The reason I believe this is based on the constraints we are placing on the ultimate generative process. Methods applied to alter the sampling space will likely be critical to acceptable functionality of generative models in normal operating conditions. But when these operating conditions change, the constraints on the sampling space result in a bounded action that could make optimal but low probability sequences inaccessible. In the context of a financial crash, a trading strategy that uses a generative model may suggest a flight to safety in some specific stock that is also suggested by every other strategy operating from a similarly constrained sampling space. This will almost certainly have a herding and compounding effect that would operate faster than an equivalent human-in-the-loop system. Similar thought experiments can be built for any decision making process that may incorporate a deep generative model, something which I believe is unavoidable over a 5-10 year timeline. 
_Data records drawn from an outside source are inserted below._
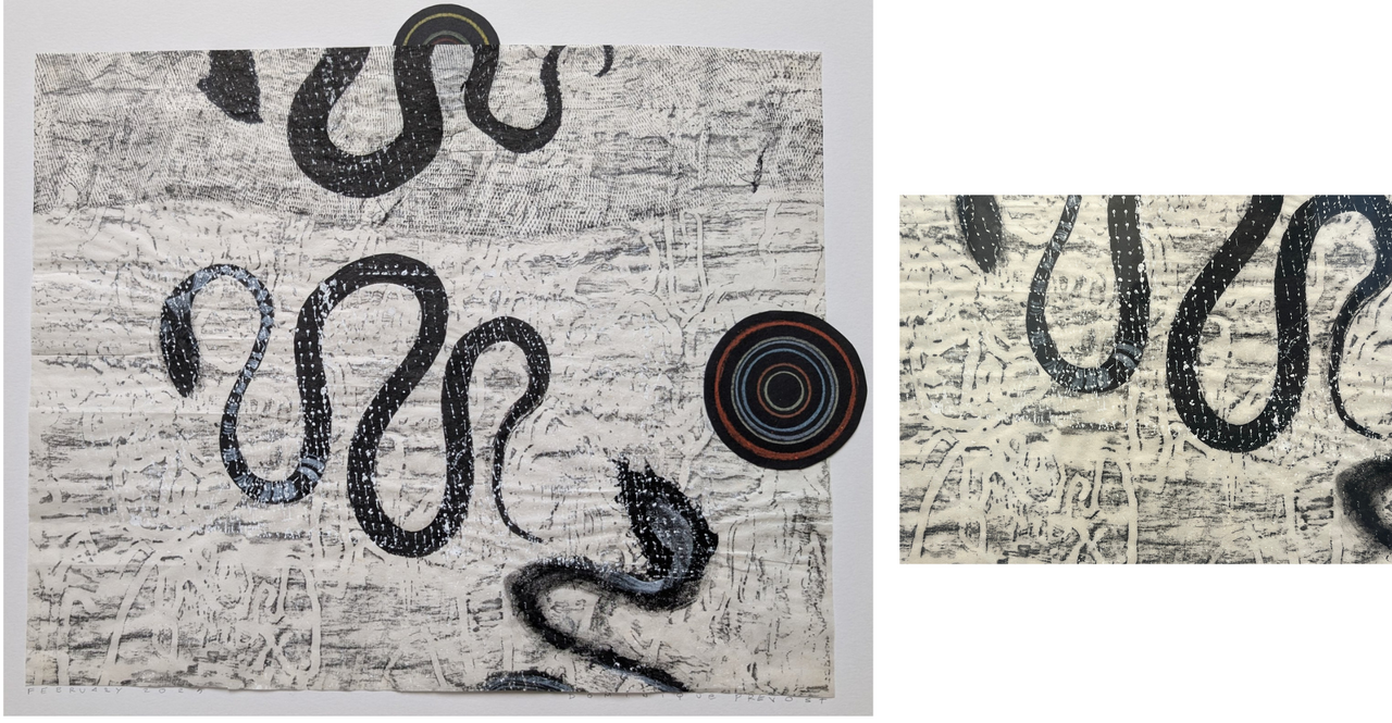 Dominique Prévost, Snakes, ink, graphite, colour pencil, 3 papers, 17 x 21 inches (left) and detail (right)
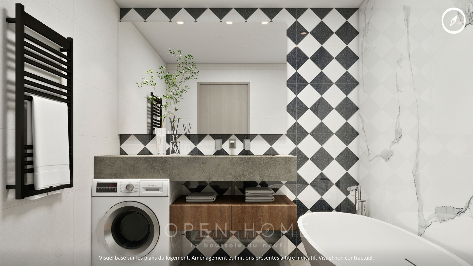 3 pièces neuf - 62 m² - Balcon 8 m² - Sud-Ouest - Saverne Situé au 3e étage d'une résidence neuve à l'architecture inspirée du style alsacien, l'appartement propose une pièce de vie lumineuse avec cuisine ouverte donnant accès au balcon. Il comprend deux chambres et une salle de bain. Parking en sous-sol. Prestations : sol stratifié, volets roulants, chauffage urbain, ascenseur, local vélo et vidéophone. Résidence neuve RE 2020 seuil 2025, située dans un environnement calme à proximité des commerces et du centre-ville. Éligible à la TVA réduite à 5,5 % sous conditions. Possibilité d'investissement via le dispositif LLI. Open Home - La Boussole du neuf S'orienter dans le neuf grâce à des visuels issus du plan. Les visuels présentés ont été réalisés à partir du plan de ce bien afin d'en proposer une lecture claire des volumes et de l'agencement. (Aménagement et finitions présentés à titre indicatif - visuels non contractuels.) Open Home, marque dédiée au neuf de La Pépinière Immo. Contactez-nous pour plus de renseignements. Autres appartements et autres configurations disponibles sur demande. Surface : 61,87 m² Prix : 223 000 euros prix direct promoteur (TVA 5,5%), hors frais de notaire. Dispositif de TVA réduite accessible sous certaines conditions et pour résidence principale. Prix : 253 649,29 euros prix direct promoteur (TVA 20%), hors frais de notaire Honoraires à la charge du vendeur. Offre spéciale en cours pour résidence principale et investissement : pour plus d'informations nous contacter.
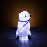 Корпус фигуры выполнен из прозрачного акрилового материала — устойчивого к атмосферным воздействиям, морозам и УФ-воздействию. Акрил не мутнеет со временем и сохраняет чистоту линий. Внутри акрилового объёма размещён LED-модуль с холодным белым свечением, который равномерно освещает весь силуэт, исключая тёмные участки.
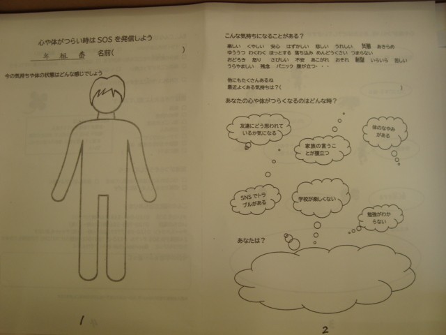 1年生を対象に、自分の心と体の健康を守るためのスクールカウンセラーによる授業を実施しました。授業の最初では、「同じ出来事が起こっても、人によって感じ方や反応が違うのはなぜだろう?」という問いかけからスタートしました。私たちは毎日、様々な出来事(事実)に直面します。その「事実」に対して、自分自身がどう「受け取るか(解釈するか)」によって、その後の感情や行動、そして未来が変わっていくことを伝えました。自分の「心のレンズ」を意識し、前向きに物事を捉えるヒントを提供しました。ワークシートでは「心や体がつらいときはSOSを発信しよう」に取り組みました。生徒たちは、色鉛筆を使って体のイラストに色を塗ることで、今の自分の状態を表現しました。授業のまとめとして、心がつらいと感じた時に一人で抱え込まずに実践できる具体的な「心の対処方法(コーピング)」をいくつか紹介してくださいました。「困った時は遠慮なく助けを求めていいんだよ」というメッセージを伝え、学校には皆さんをサポートする様々な大人がいることを再確認しました。

I want to make one final point on the generality of this problem. I am not claiming that over reliance on a specific architecture, model size, or even single model, will lead to herding of output in the face of a Black Swan. What I claim is that the constraints applied to the sampling space force the output of a generative model to give broadly similarly acceptable output. There are already examples of how diversity in a sampling space may lead to potential competitive advantage, e.g. xAI’s Grok model vs OpenAIs GPTs. But overall, I expect that most will converge to approximately similar coverage, especially in the context of highly regulated fields or critical systems. It may even be that regulation causes all sufficiently large enough generative models to have broadly similar constraints on their sampling space.

There are potential methods to address this, such as scenario-specific testing, which I may try to write about in the future. However, these would require coordination and collaboration at the highest levels. In the short term, I hope these risks can at least be discussed in the increasingly crowded conversations on AI risk, reward, and hyperbole.